What is needed »
Nothing but the lines from the top of the data to the line holding "anzeigen | |" should be printed, word for word and both ends included; leave the pictures out.

Data shown »
****

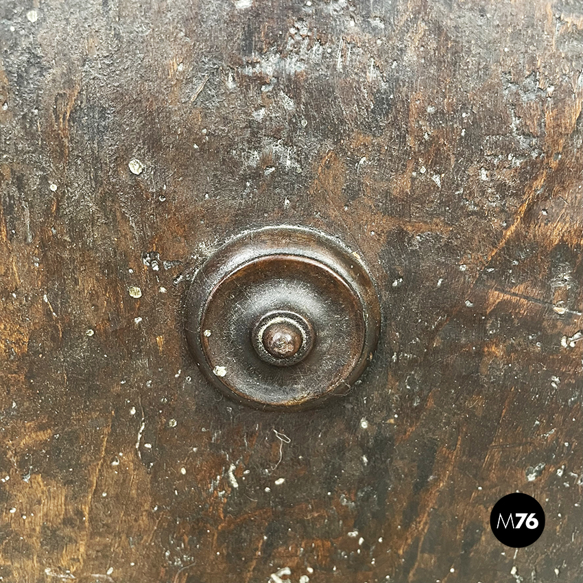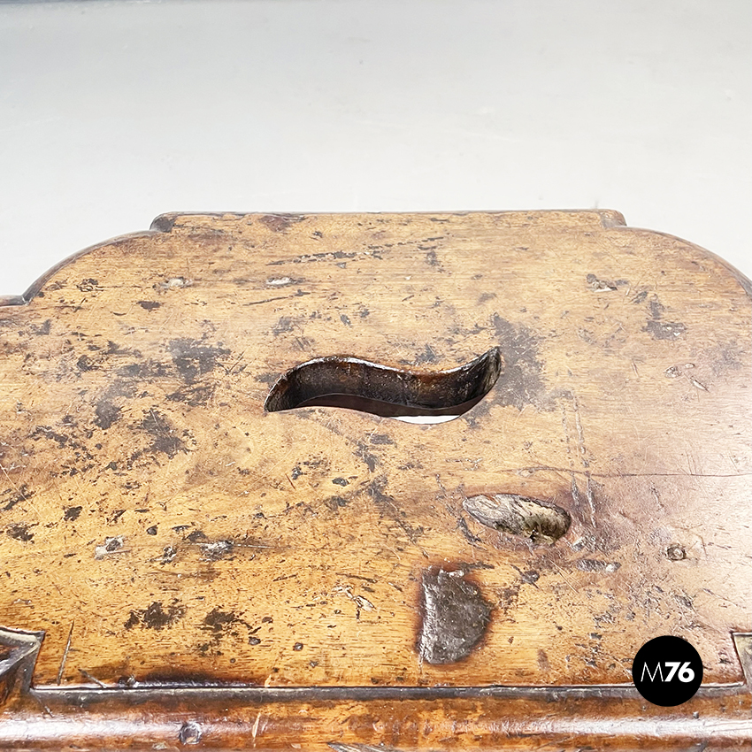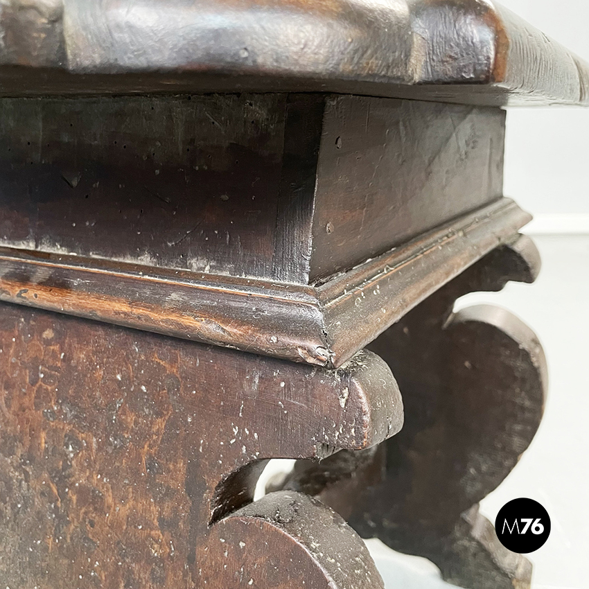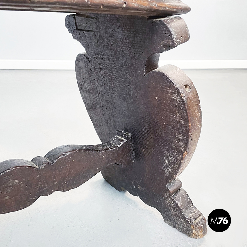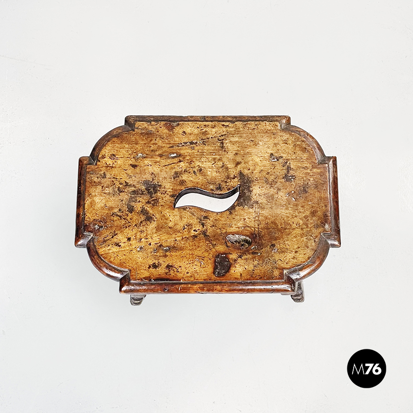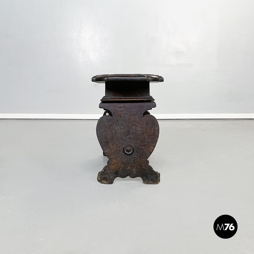 Sgabello d’antiquariato in legno di noce finemente lavorato. La seduta presenta un foro nel centro. Le due gambe tendono ad allargarsi verso il basso.
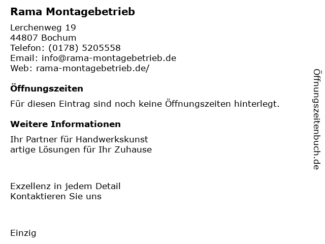 | Öffnungszeiten Rama Montagebetrieb in Bochum anzeigen | |
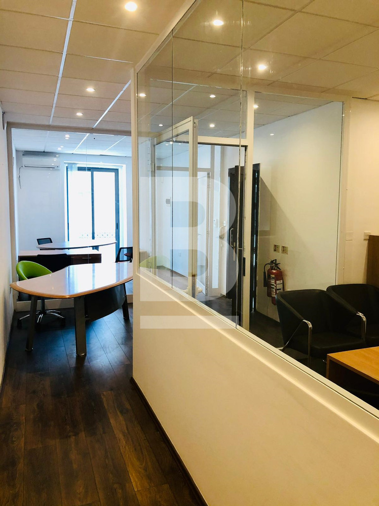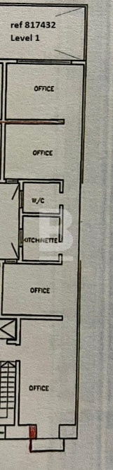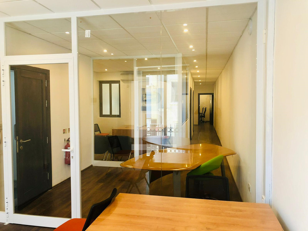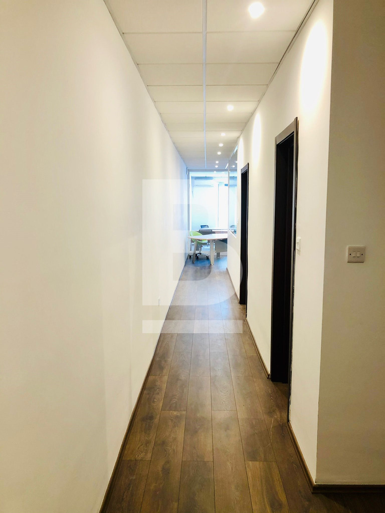 Well-laid-out office comprising four separate rooms, ideal for private offices or meeting spaces, complemented by a kitchenette and a bathroom. The layout offers flexibility for different business needs, making it suitable for professional services, administrative operations, or a small team setup.
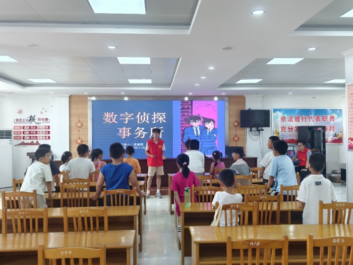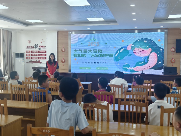 7月18日,小隊(duì)成員在指導(dǎo)老師李天驕的帶領(lǐng)下在揚(yáng)州寶應(yīng)縣開(kāi)展了“宏志少年”暑托班的課程。志愿者設(shè)計(jì)的互動(dòng)游戲像一把鑰匙,打開(kāi)了趣味教學(xué)的大門(mén)。在隨后的“數(shù)字偵探”數(shù)學(xué)課上,志愿者李厚霖和孩子們化身小偵探,通過(guò)“密碼排列”“案件破解”等環(huán)節(jié),在數(shù)字推理中發(fā)現(xiàn)數(shù)學(xué)的邏輯之美;而地球大氣科普課上,“大氣層大冒險(xiǎn)”的動(dòng)畫(huà)演示讓抽象的科學(xué)知識(shí)變得鮮活——當(dāng)志愿者張琳問(wèn)到“如何保護(hù)我們的天空保護(hù)罩”時(shí),一只只小手高高舉起,“少開(kāi)汽車(chē)”“多種樹(shù)”等答案里,藏著孩子們對(duì)自然最純真的守護(hù)欲。

****

Written solution »
 Sgabello d’antiquariato in legno di noce finemente lavorato. La seduta presenta un foro nel centro. Le due gambe tendono ad allargarsi verso il basso.
 | Öffnungszeiten Rama Montagebetrieb in Bochum anzeigen | |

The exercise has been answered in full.